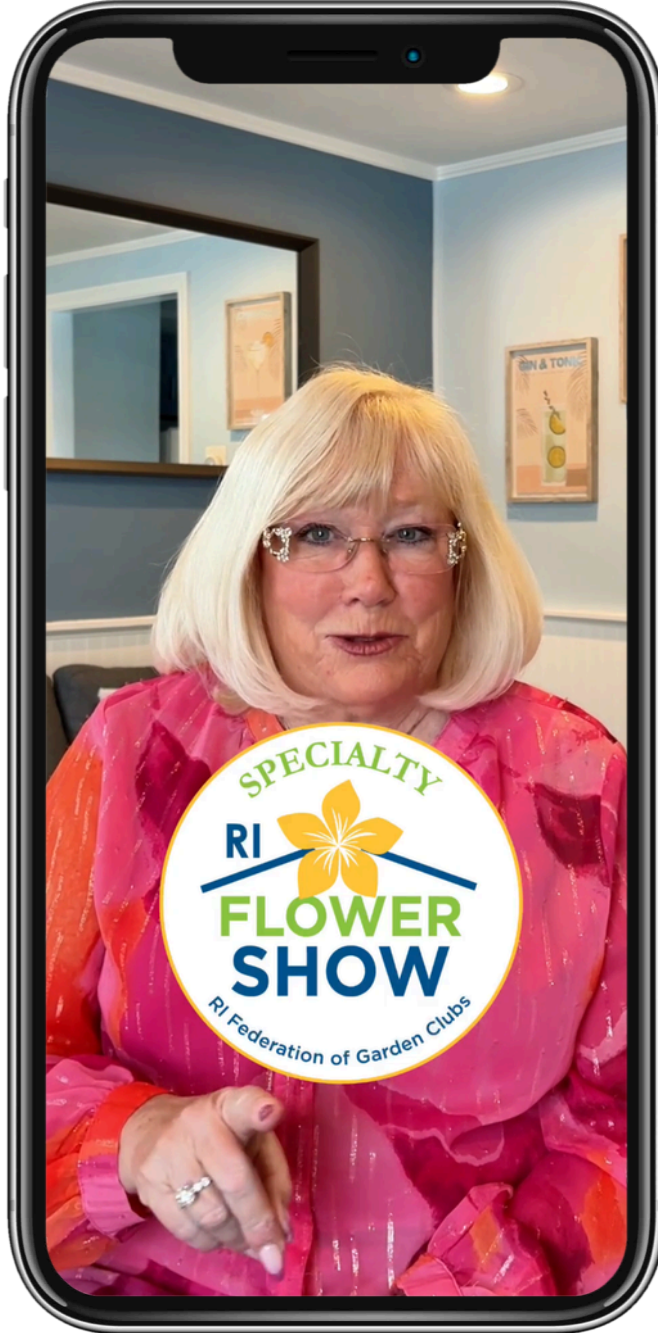
Specialty Flower Show Promo Reel
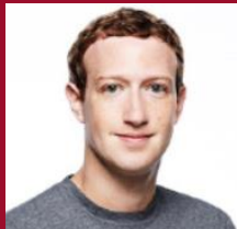
Mark Zuckerberg, Chief Executive Officer, FACEBOOK
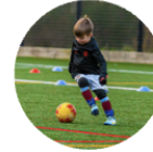
ALL ABILITIES WELCOME
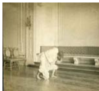
Se oi otoshi
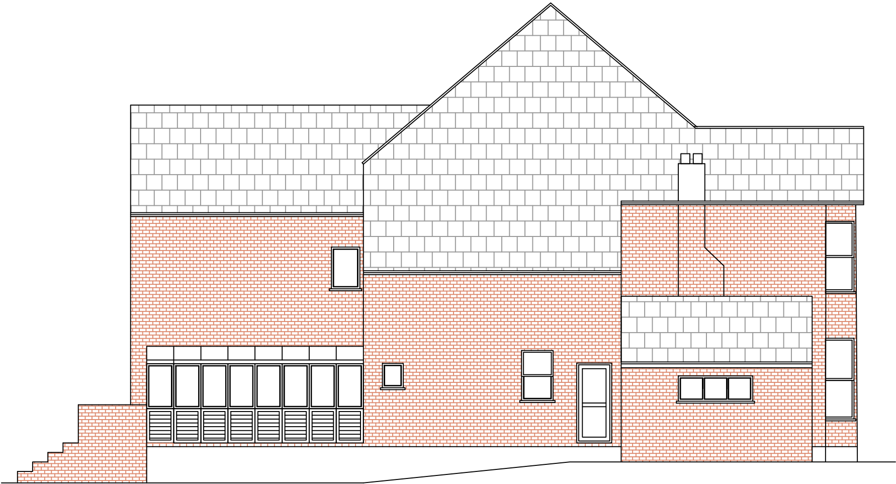
EXISTING LEFT SIDE ELEVATION

NOTES DRAWING SHOWING EXISTING AND PROPOSED LEFT SIDE ELEVATIONS
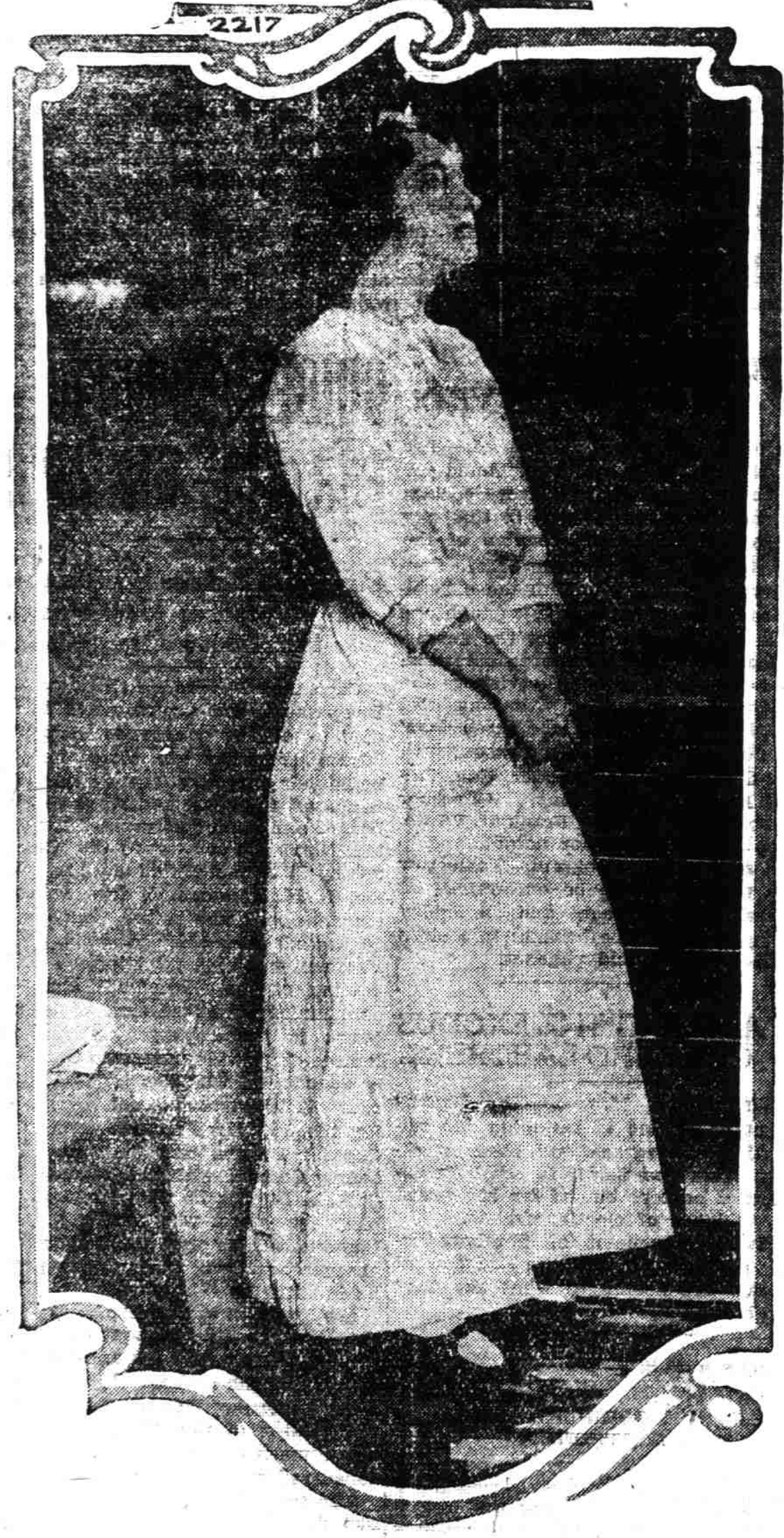
PAULINE FREDERICK The Superb Emotional Artist in "Ashes of Embers," Her Latest Paramount Feature, at the Grand Thursday

PAULINE FREDERICK. Some time ago Pauline Frederick, the celebrated emotional star, declared that she wanted to play a sympathetic role and was starred by the Famous Players Film Company in an adaptation of Clyde Fitch's "The Woman in the Case" in which she scored a great personal success. Now the great Famous Player star has another still more wonderful opportunity of displaying her remarkable skill and versatility for in that company's production "Ashes of Embers," which is the Paramount picture at the Grand this week, the beautiful emotional actress who made "Zaza" and "Bella Donna" live on the screen, appears in the dual role of twin sisters who are absolutely opposite in character. The one, Agnes, is a sweet-faced self-sacrificing drudge. The other, Laura, is totally without conscience and so utterly selfish that she even steals from the department store cash drawer of which Agnes has charge in order to get money for a dress. As a result of this theft Agnes is sent to jail where she is completely forgotten by Laura, who has used the dress in-

···

## TASK INSTRUCTIONS
Output only the lines above from the one containing "NOTES DRAWING SHOWING" to the one containing "PAULINE FREDERICK The", both included, exactly as written and with no pictures.

## OUTPUT BELOW
NOTES DRAWING SHOWING EXISTING AND PROPOSED LEFT SIDE ELEVATIONS
PAULINE FREDERICK The Superb Emotional Artist in "Ashes of Embers," Her Latest Paramount Feature, at the Grand Thursday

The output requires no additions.